Following a call to 911, the police responded. Police Officer Leonard
Bird was the first officer to arrive at the hotel. The driver told Bird that two
"gay" customers had requested a ride to the Bronx, he had requested pre -
payment, and an argument ensued. The driver reported that one of the customers
pepper sprayed him, he was threatened with a pair of scissors, he gave them
money, and the customers fled.
Other police officers located defendant and Martinez at the Fairfield Inn.
Two of those officers subsequently described defendant as wearing a gray shirt
and Martinez as wearing a pink shirt. The cab driver was brought to the Inn and
he identified defendant and Martinez as the individuals who had pepper sprayed
and robbed him. That identification was recorded on a police vehicle's mobile
video recorder. During the identification, the cab driver stated that the person
wearing gray had pepper sprayed him at the instruction of the person wearing
pink.
A-5385-17T4
4
Defendant and Martinez were arrested. The police found a pair of scissors
and a container of mace on Martinez. Defendant was searched and police found
two keys for rooms at the hotel where the cab driver had picked up the
customers. The police also found $155 in cash in defendant's property.

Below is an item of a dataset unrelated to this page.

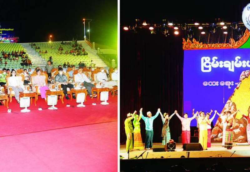 (၇၅) နှစ်မြောက် စိန်ရတုလွတ်လပ်ရေးနေ့အထိမ်းအမှတ် ပဒေသာကပွဲ အောင်မြင်စွာကျင်းပနိုင်ရေး ဝတ်စုံပြည့်အစမ်းလေ့ကျင့်မှုကို ယနေ့ညနေပိုင်းတွင် နေပြည်တော် မြို့တော်ခန်းမ လဟာပြင်ကဇာတ်ရုံ၌ ပြုလုပ်သည်။
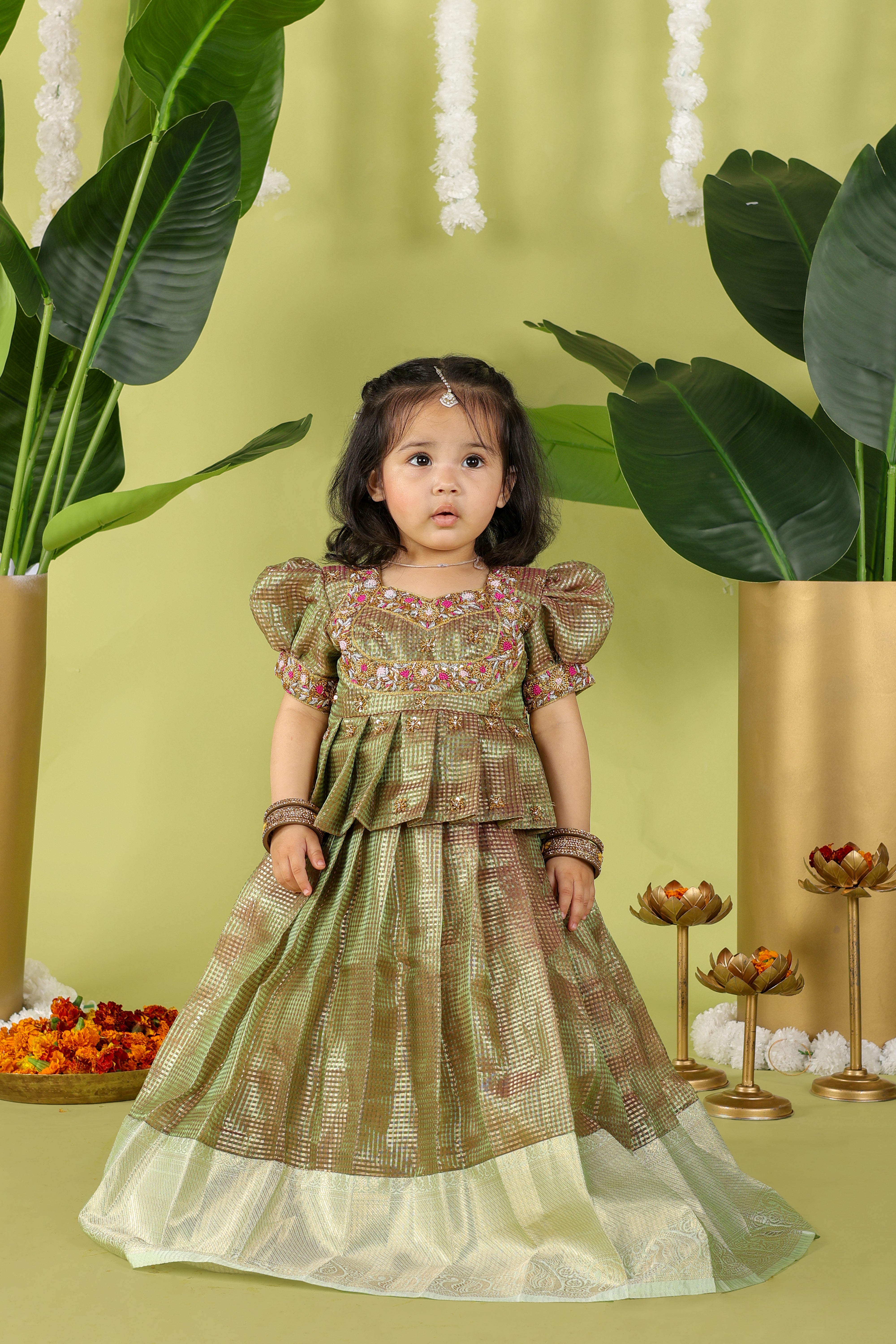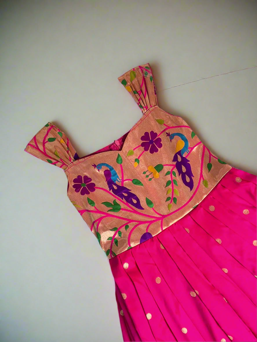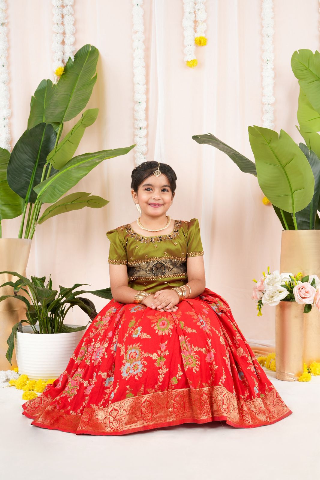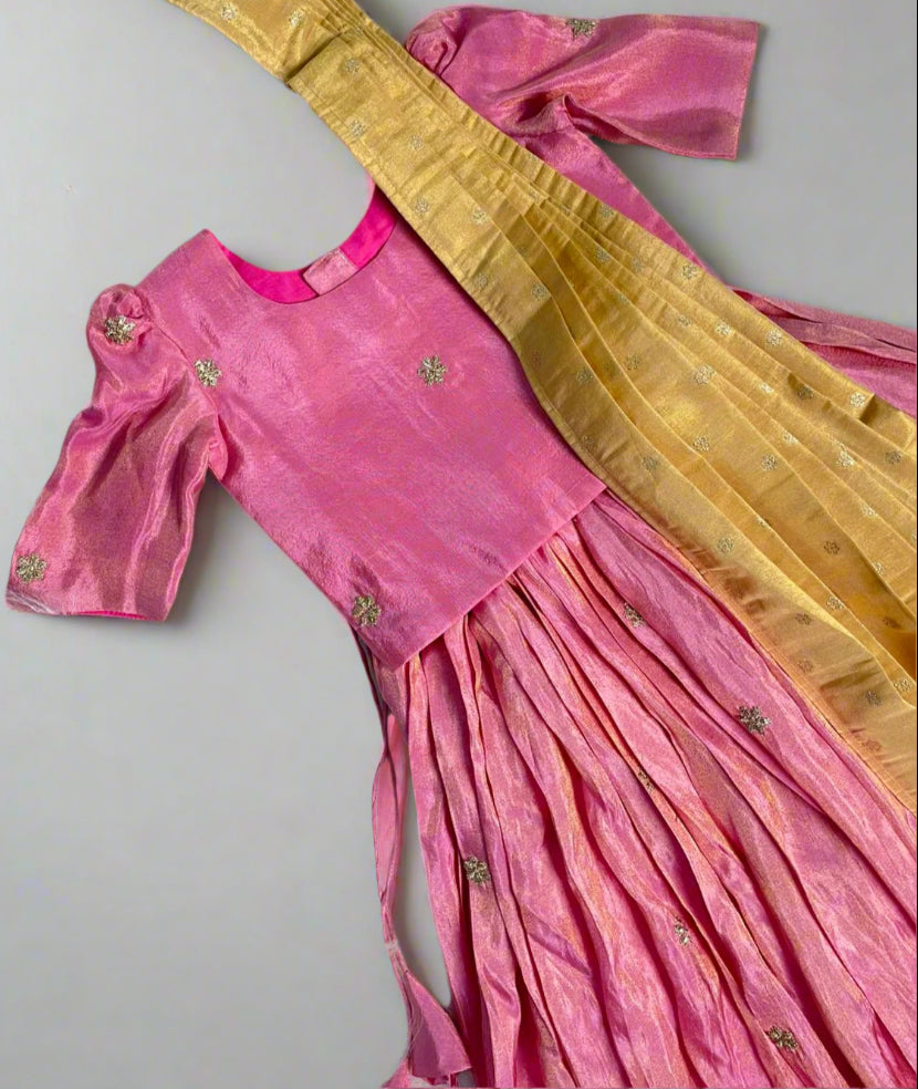 No.of. Components: 2Components: Blouse & Skirt Pattern : Pavadai Sattai Type of Work: folded Frills With waist Bold works filled with Flowers Neckline:...

After hearing the evidence at trial, the jury found defendant guilty of
robbery. Defendant now appeals.
II.
On appeal, defendant challenges both her conviction and sentence and
makes five arguments, which she articulates as follows:
POINT I – THE TRIAL COURT COMMITTED
PLAIN ERROR IN ALLOWING THE STATE
WITNESSES TO TESTIFY THAT THE CAB
DRIVER TOLD THEM HE HAD BEEN ROBBED,
WHICH WAS INADMISSIBLE HEARSAY AND
IMPROPERLY BOLSTERED THE CREDIBILITY
OF THE ALLEGED VICTIM.
POINT II – THE PROSECUTOR'S COMMENTS
DURING HIS CLOSING ACCUSING DEFENSE
COUNSEL OF MAKING HOMOPHOBIC AND
RACIAL SLURS DEPRIVED DEFENDANT OF A
FAIR TRIAL, AND THE COURT'S GENERAL
INSTRUCTION NOT TO CONSIDER POWERPOINT
PRESENTATIONS AS EVIDENCE WITHOUT
ADDRESSING THE STATE'S OFFENSIVE
REMARKS WAS WHOLLY INADEQUATE.
POINT III – THE TRIAL COURT COMMITTED
REVERSIBLE ERROR BY ISSUING AN
A-5385-17T4
5
UNCONSTITUTIONAL INSTRUCTION ON FLIGHT
AS CONSCIOUSNESS OF GUILT.
POINT IV – THE TRIAL COURT'S FAILURE TO
INSTRUCT THE JURY THAT DEFENDANT
COULD BE FOUND GUILTY OF A LESSER
OFFENSE AS AN ACCOMPLICE DEPRIVED
DEFENDANT OF THE RIGHT TO DUE PROCESS
OF LAW AND A FAIR TRIAL.
POINT V – THIS COURT SHOULD REMAND FOR
RESENTENCING BECAUSE: THE TRIAL COURT
ERRED IN DENYING DRUG COURT; IMPOSED
AN EXCESSIVELY DISPARATE SENTENCE WITH
RESPECT TO THE CO-DEFENDANT;
IMPROPERLY FOUND AND WEIGHED
AGGRAVATING AND MITIGATING FACTORS;
AND FAILED TO CONSIDER THE DEFENDANT'S
YOUTH.
A. The Hearsay Testimony Regarding What the Cab Driver Told Others
Defendant contends that the trial court committed reversible error by
allowing several witnesses to testify about what the cab driver told them
concerning the incident. In that regard, defendant argues that the testimony was
inadmissible hearsay and that it improperly bolstered the driver's credibility.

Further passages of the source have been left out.